Housing costs have become the biggest concern.Housing prices rose 3% year-on-year, the smallest increase in more than four years.Another service indicator that the Fed focuses on monitoring (excluding housing and energy costs) rose 2.7% from November 2024, which was the same as the smallest year-on-year increase since 2021.Housing costs, excluding energy services, rose 3% year-on-year.
Falling hotel, leisure and clothing prices limited core CPI growth, with air tickets and hotel accommodation prices falling compared with the same period last year.Prices for furniture and personal care products were higher.Energy prices increased by 4.2% year-on-year, electricity prices increased by 6.9%, and gasoline prices increased by only 0.9%.
Tariffs and economic outlook remain key variables
Powell said that without major new tariff news, goods inflation is expected to peak in the first quarter.However, Trump’s sweeping tariffs have pushed up prices for many goods, although the tariffs have been passed on more gradually.Samuel Tombs, chief U.S. economist at Pantheon Macroeconomics, calculates that retailers have passed on about 40% of tariffs as of September, and expects this proportion to gradually increase to 70% and stabilize by March.
Olu Sonola, head of U.S. economic research at Fitch Ratings, said: “The lack of detail and the absence of data collection during the government shutdown raises doubts that are difficult to ignore.
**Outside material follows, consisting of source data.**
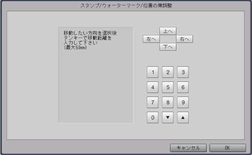 [印字位置設定] | [位置の微調整] | 数値を入力してスタンプの印字位置を調整します。 |
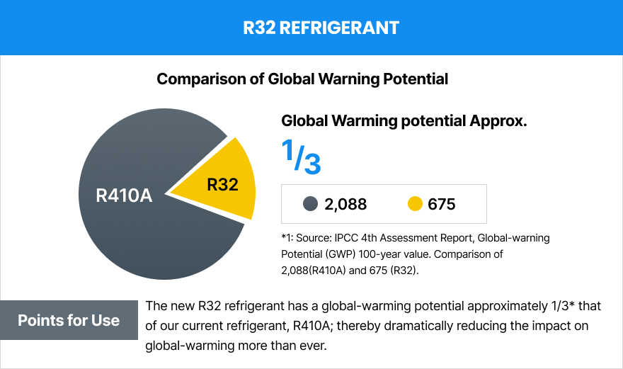 The new R32 refrigerant has a global-warming potential approximately 1/3* that of our current refrigerant, R410A; thereby dramatically reducing the impact on global-warming more than ever.
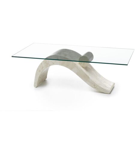 Tavolino (120 x 70 x 40 - Trasparente) Materiale Top: Vetro temperato filo lucido Gambe / Base: Pietra fossile white agata Struttura Gambe: Compensato marino Colore Vetro: trasparente gambe / base: beige. ...
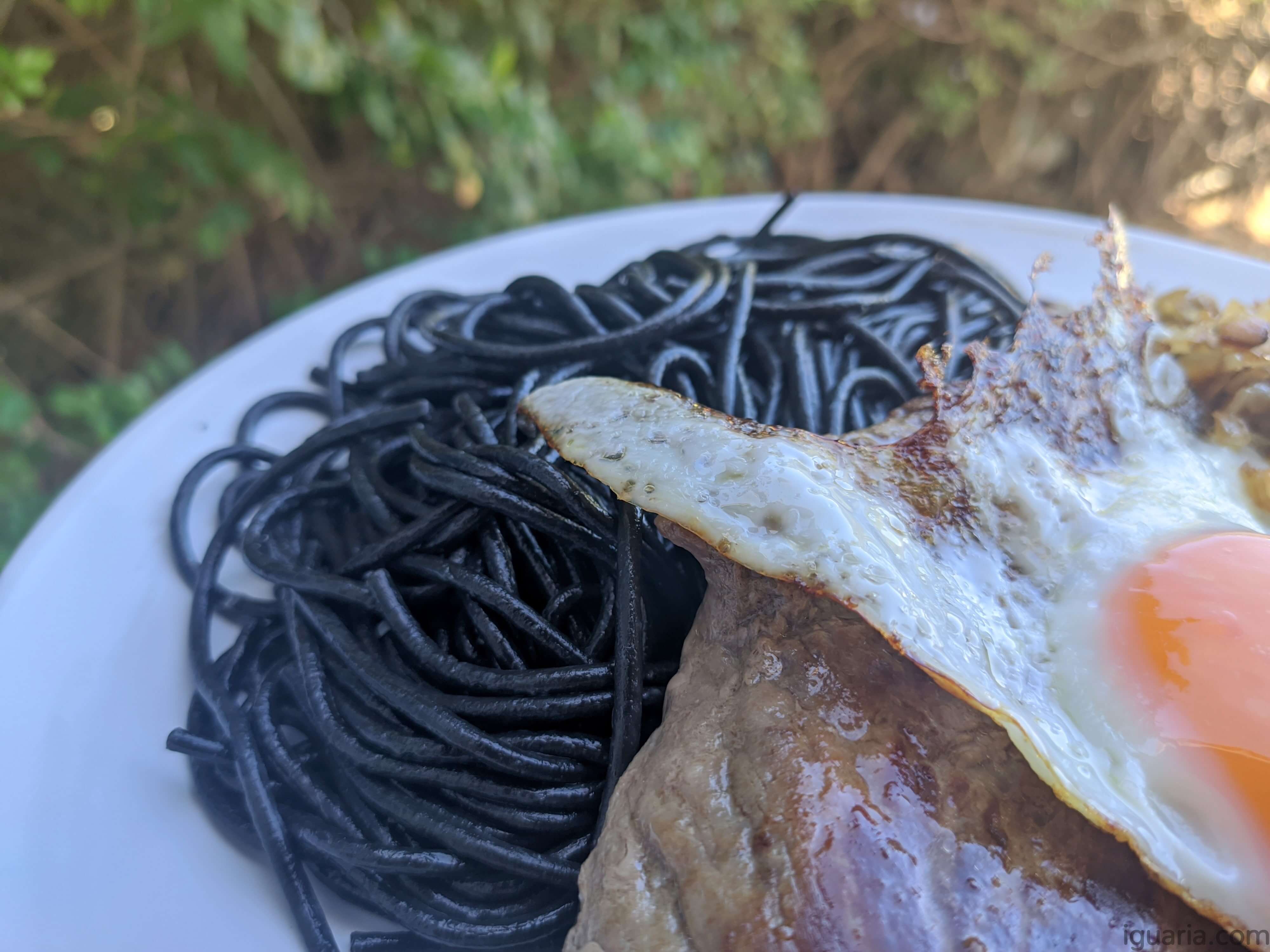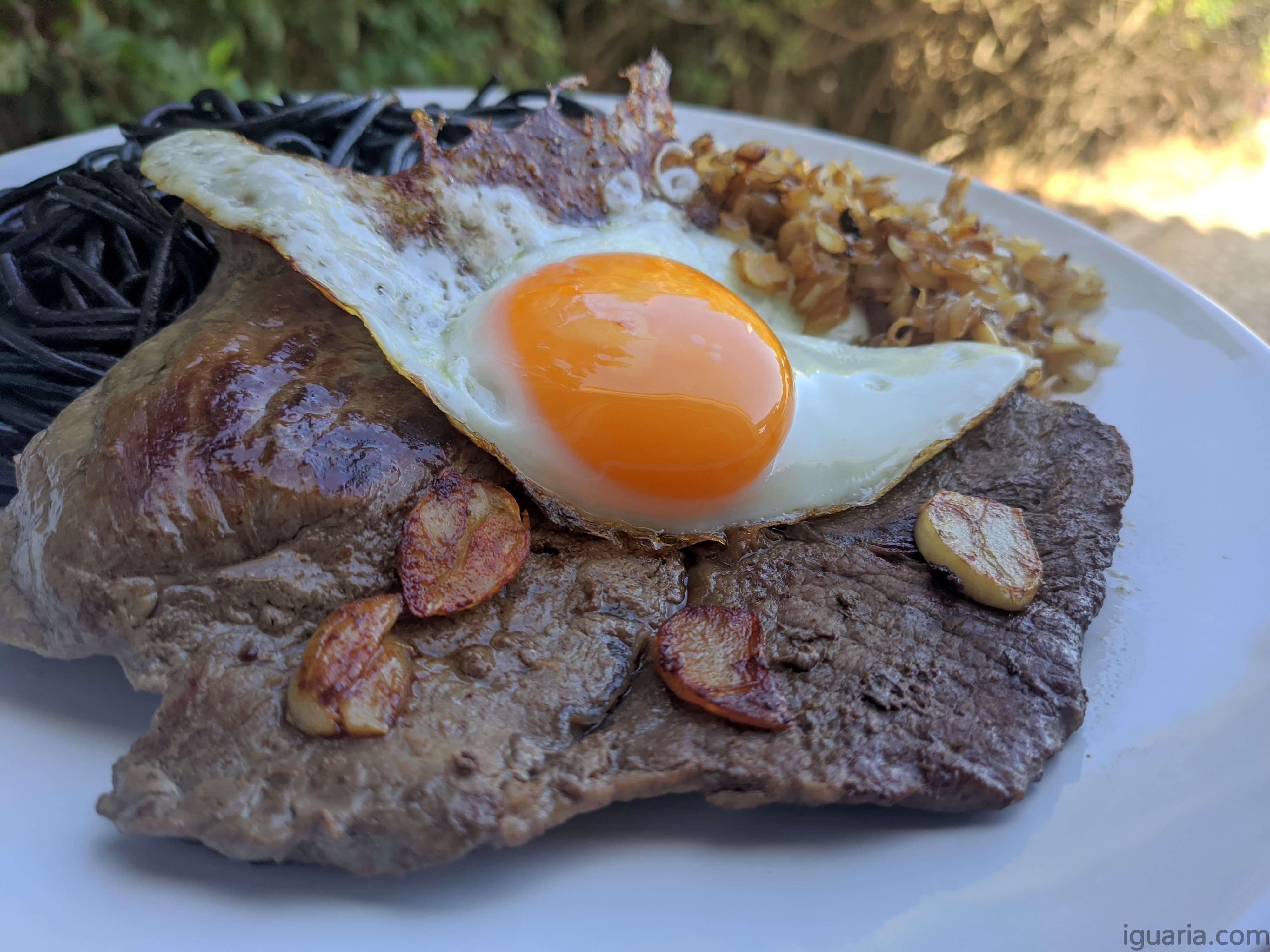 Receita bem simples e clássica de bife de novilho com alho, ovo a cavalo e esparguete preto, ok esta receita não é nada clássica heheheh.
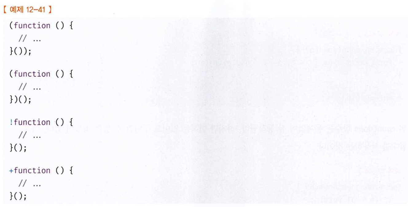 그룹 연산자(...)로 감싸고 끝에 ()를 추가한 함수단 한 번만 호출되며 다시 호출할 수 없음. (그룹 연산자 내에서는 함수 리터럴로 평가되며 함수 이름이 몸체에서만 참조할 수 있는 식별자이므로)
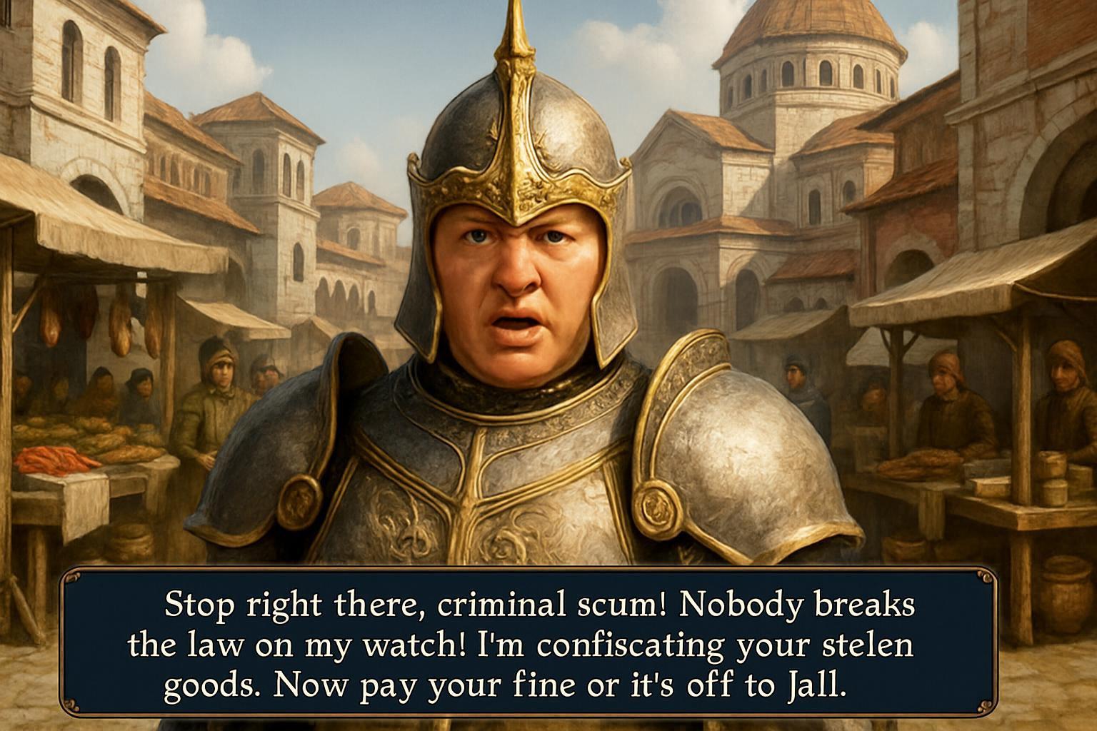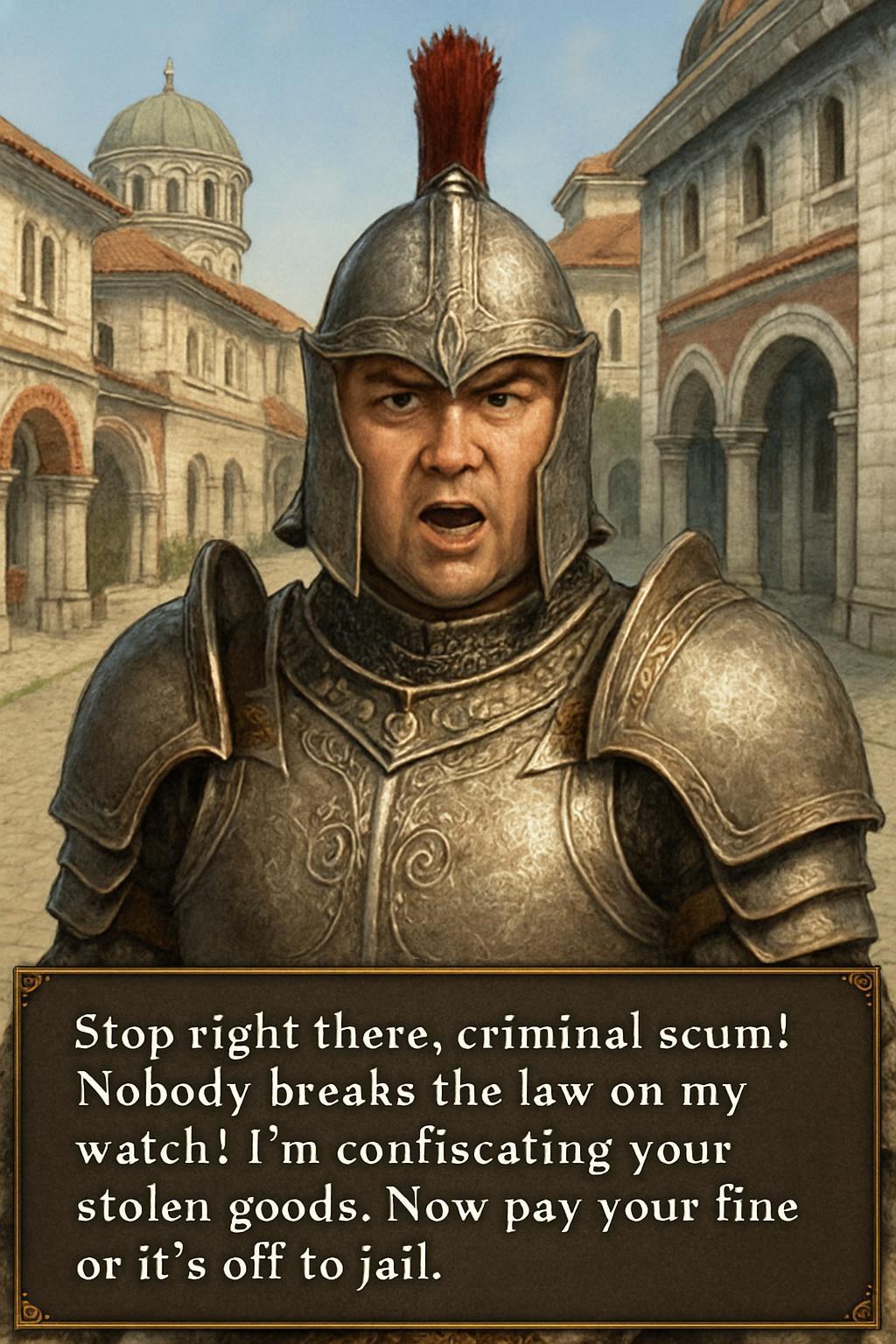彼は高価なプレートメイルと立派なヘルメットを装備した顔の丸い男で、視聴者に向かって厳しい表情で犯罪について警告しています。
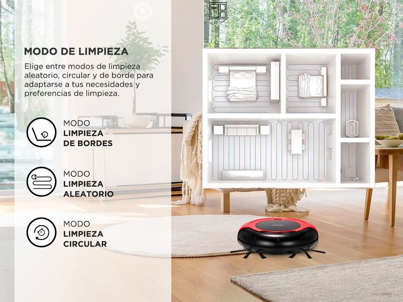 Con su capacidad para trabajar en diferentes tipos de suelos, como baldosas, mármol, suelos de madera y moquetas, esta aspiradora robot se convierte en el aliado perfecto para mantener tu hogar limpio y acogedor.
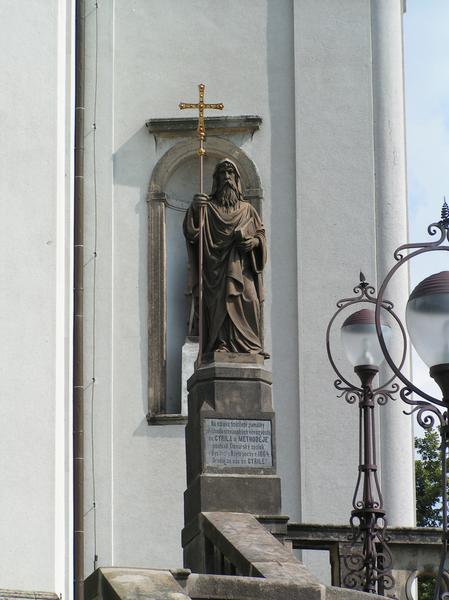 Sochy svatého Cyrila a Metoděje jsou umístěny před bazilikou Nanebevzetí Panny Marie. Zhotovil je kroměřížský sochař Antonín Tomáš Beck. Sochy jsou vysoké 220 cm a jsou z jemnozrného pískovce.
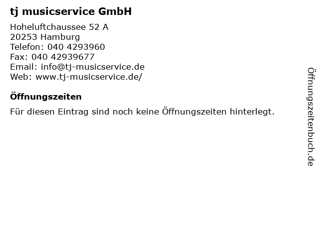 | Öffnungszeiten tj musicservice GmbH in Hamburg anzeigen | |
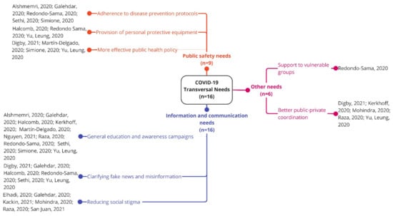 Transversal needs during the first year of the COVID-19 pandemic [5,13,24,45,47,48,52,54,57,60,62,68,70,71,72,77].
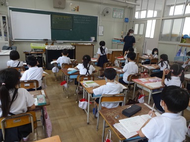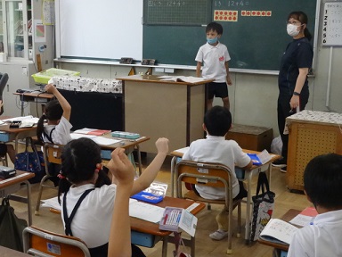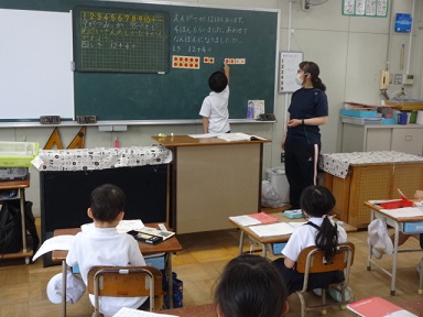 1年生が算数科「たしざん」の学習で12+4の計算の仕方を考えていました。10のまとまりを置いておいて、2+4を先にして後から10のまとまりを合わせる仕方を発表していました。

We will need to wait until next month to get a clearer picture of the state of inflation.”
Joseph Brusuelas, chief economist at RSM Accounting Firm, pointed out that from the year-on-year data details, energy prices increased by 4.2%, electricity increased by 6.9%, used cars increased by 3.6%, housing increased by 3%, and health care services increased by 3.3%. “These data illustrate why Americans’ perception of the affordability crisis is real.”
It’s unclear whether the CPI report will sway Federal Reserve policymakers, who remain divided on the path for interest rates next year.Last week, the Federal Reserve decided to cut interest rates by 25 basis points at its third consecutive monetary policy meeting to prevent further deterioration in the labor market.
A report released on Thursday that combined inflation data with recent wage data showed that real average hourly wages in the United States increased by 0.8% year-on-year.Other data released on Thursday showed that the number of people filing for unemployment benefits fell to 222,000 last week from 236,000 the previous week, a decline after a surge the previous week and highlighting the volatility of data this time of year.